The formatted input functions that read specific types of objects (such as integers and floating-point numbers) call the ipfx() public member function with the noskipws parameter set to zero, allowing leading whitespaces to be discarded if the ios::skipws bit is on in ios::fmtflags. The unformatted input functions that read characters without interpretation call the ipfx() public member function with a the noskipws parameter set to 1 so that no whitespace characters are discarded.

If the istream object is tied to an output stream, the output stream is flushed.

Results:

If the istream object isn't in an error state in the inherited ios object when the above processing is completed, the ipfx() public member function returns a non-zero value to indicate success. Otherwise, zero is returned to indicate failure.

See also:

istream::isfx(), ios::fmtflags, ios::iostate

istream::isfx()

a suffix function that's called after any read operation

Synopsis:

#include <iostream.h>
public:
void istream::isfx();

Semantics:

The isfx() public member function is a suffix function executed just before the end of each of the formatted and unformatted read operations.

As currently implemented, the isfx() public member function doesn't do anything.

See also:

istream::ipfx()

istream::istream()

create a istream object

Synopsis:

#include <iostream.h>
protected:
istream::istream();

public:
istream::istream( istream const &istrm );
istream::istream( streambuf *sb );

Semantics:

There are three forms of the istream constructor:

• The first form is a protected member function. It creates an istream object without an associated streambuf object.

  This form of the protected istream constructor is only used implicitly by the compiler when it generates a constructor for a derived class.

• The second form is a public member function. It creates an istream object associated with the streambuf object currently associated with the istrm parameter. The istream object is initialized and uses the istrm streambuf object for subsequent operations. istrm continues to use the streambuf object.
• The third form is also a public member function. It creates an istream object with an associated streambuf object specified by the sb parameter.
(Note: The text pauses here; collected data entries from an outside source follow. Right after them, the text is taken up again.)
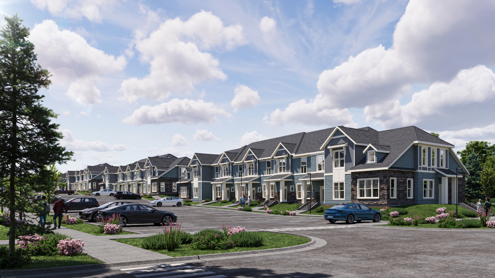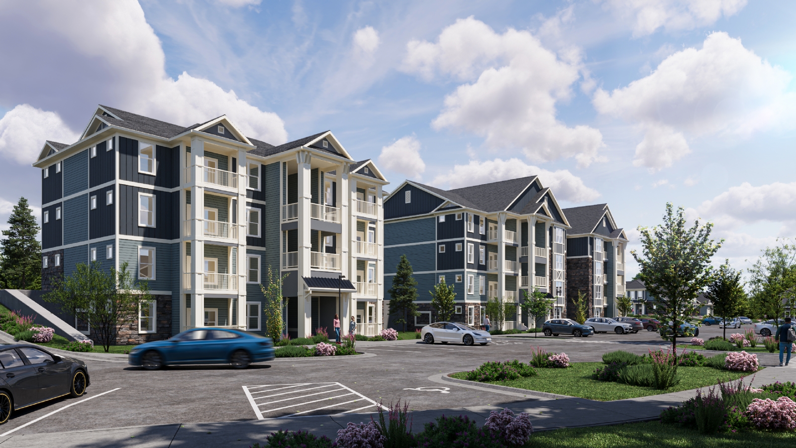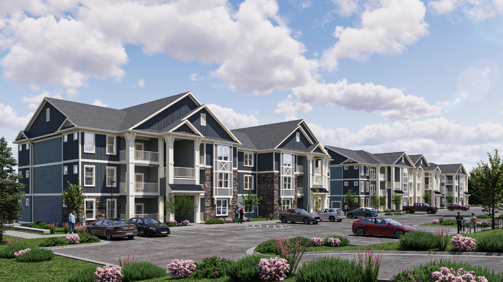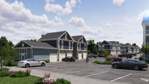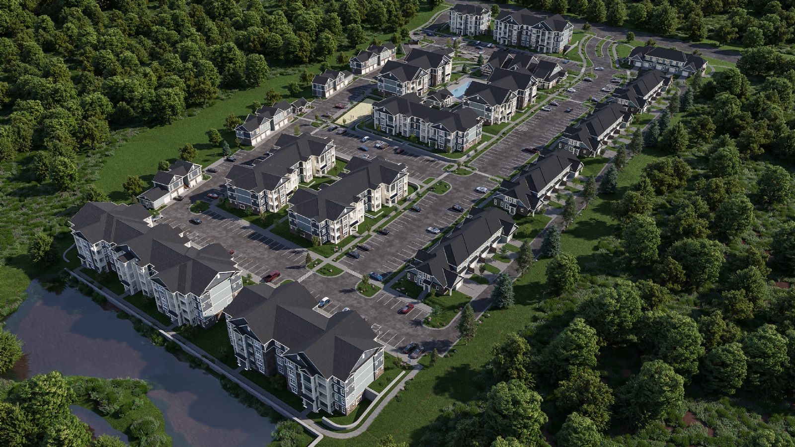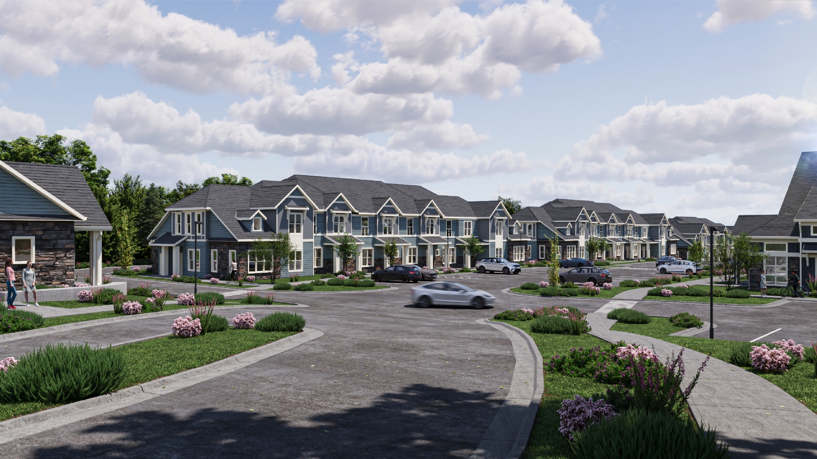 Kannapolis is a large-scale residential development envisioned as a diverse and well-connected community. The master plan integrates multiple residential typologies, including nine walk-up apartment buildings, five townhouses, four carriage houses, and a senior apartment building, forming a cohesive neighborhood structure.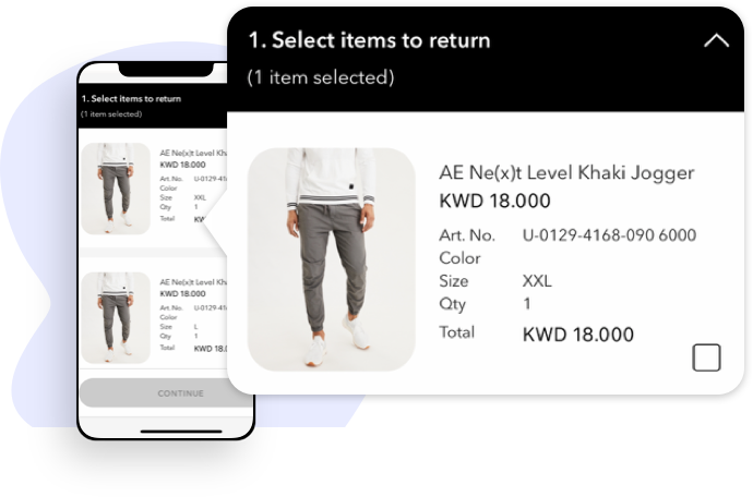 This can be done on-the-go through our website, you can select one or more items you wish to return, and they’ll be picked up and refunded.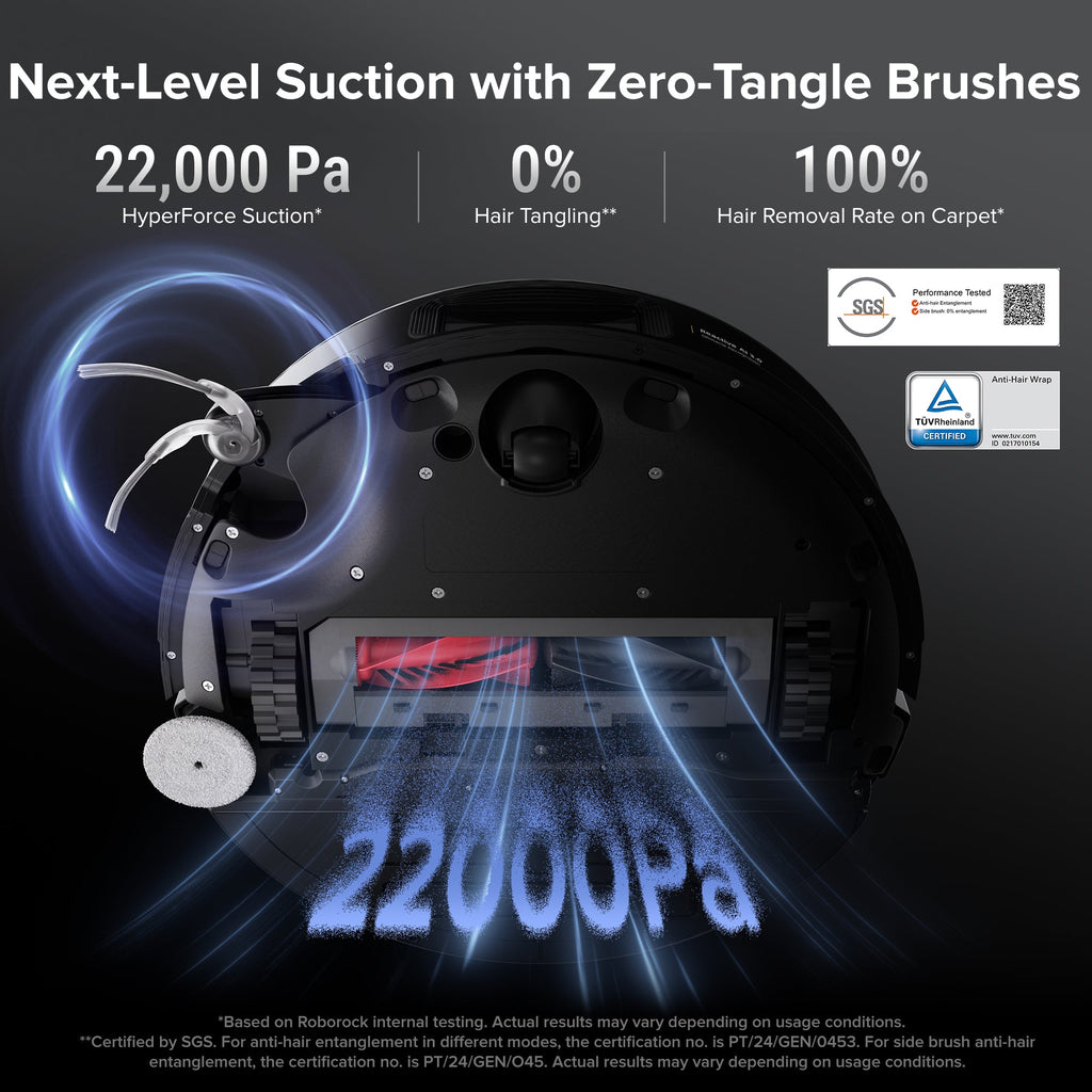 Anti-Tangle Brush System: Main and side brushes designed to resist hair wrapping and minimize maintenance.

  This function is likely to be used for the creation of an istream object that's associated with the same streambuf object as another istream object.

Results:

• The first (protected) form of the istream constructor creates an initialized istream object. ios::badbit is set in the error state in the inherited ios object.
• The second (public) form creates an initialized istream object. If there's no streambuf object currently associated with the istrm parameter, ios::badbit is set in the error state in the inherited ios object.
• This form of the public istream constructor creates an initialized istream object. If the sb parameter is NULL, ios::badbit is set in the error state in the inherited ios object.

See also:

istream::~istream(), ios::iostate

istream::~istream()

destroy a istream object

Synopsis:

#include <iostream.h>
public:
virtual istream::~istream();

Semantics:

The public virtual istream destructor doesn't do anything explicit. The ios destructor is called for that portion of the istream object. The call to the public virtual istream destructor is inserted implicitly by the compiler at the point where the istream object goes out of scope.

Results:

The istream object is destroyed.

See also:

istream::istream()

istream::operator =()

associate a streambuf object with the istream object

Synopsis:

#include <iostream.h>
public:
istream &istream::operator =( streambuf *sb );
istream &istream::operator =( 
    istream const &istrm );

Semantics:

There are two forms of the operator =() public member function:

• The first is used to associate a streambuf object, specified by the sb parameter, with an existing istream object. The istream object is initialized, and uses the specified streambuf object for subsequent operations.
• The second form is used to associate the istream object with the streambuf object currently associated with the istrm parameter. The istream object is initialized, and uses the istrm 's streambuf object for subsequent operations. The istrm object continues to use the streambuf object.

Results:

• The first form of the operator =() public member function returns a reference to the istream object that's the target of the assignment. If the sb parameter is NULL, ios::badbit is set in the error state in the inherited ios object.
• The second form returns a reference to the istream object that's the target of the assignment. If there's no streambuf object currently associated with the istrm parameter, ios::badbit is set in the error state in the inherited ios object.

istream::operator >>()

read characters

Synopsis:

#include <iostream.h>
public:

// read characters
istream &istream::operator >>
    (          char *buf );
istream &istream::operator >>
    (   signed char *buf );
istream &istream::operator >>
    ( unsigned char *buf );

// read a single character
istream &istream::operator >>
    (          char &ch );
istream &istream::operator >>
    (   signed char &ch );
istream &istream::operator >>
    ( unsigned char &ch );

// read an integer
istream &istream::operator >>
    (   signed    int &num );
istream &istream::operator >>
    ( unsigned    int &num );
istream &istream::operator >>
    (   signed  long &num );
istream &istream::operator >>
    ( unsigned  long &num );
istream &istream::operator >>
    (   signed short &num );
istream &istream::operator >>
    ( unsigned short &num );

// read a floating-point value
istream &istream::operator >>
    (       float &num );
istream &istream::operator >>
    (      double &num );
istream &istream::operator >>
    ( long double &num );

// read until end-of-file
istream &istream::operator >>( streambuf &sb );

// call a non-parameterized manipulator
istream &istream::operator >>
    ( istream &(*fn)( istream & ) );
istream &istream::operator >>
    (     ios &(*fn)( ios     & ) );

Semantics:

The operator >>() public member function performs a formatted read. The parameters determine what's read.

Characters

These forms of the operator >>() public member function perform a formatted read of characters from the istream object and place them in the buffer specified by the buf parameter. Characters are read until a whitespace character is found or the maximum size has been read. If a whitespace character is found, it isn't transferred to the buffer, and remains in the istream object.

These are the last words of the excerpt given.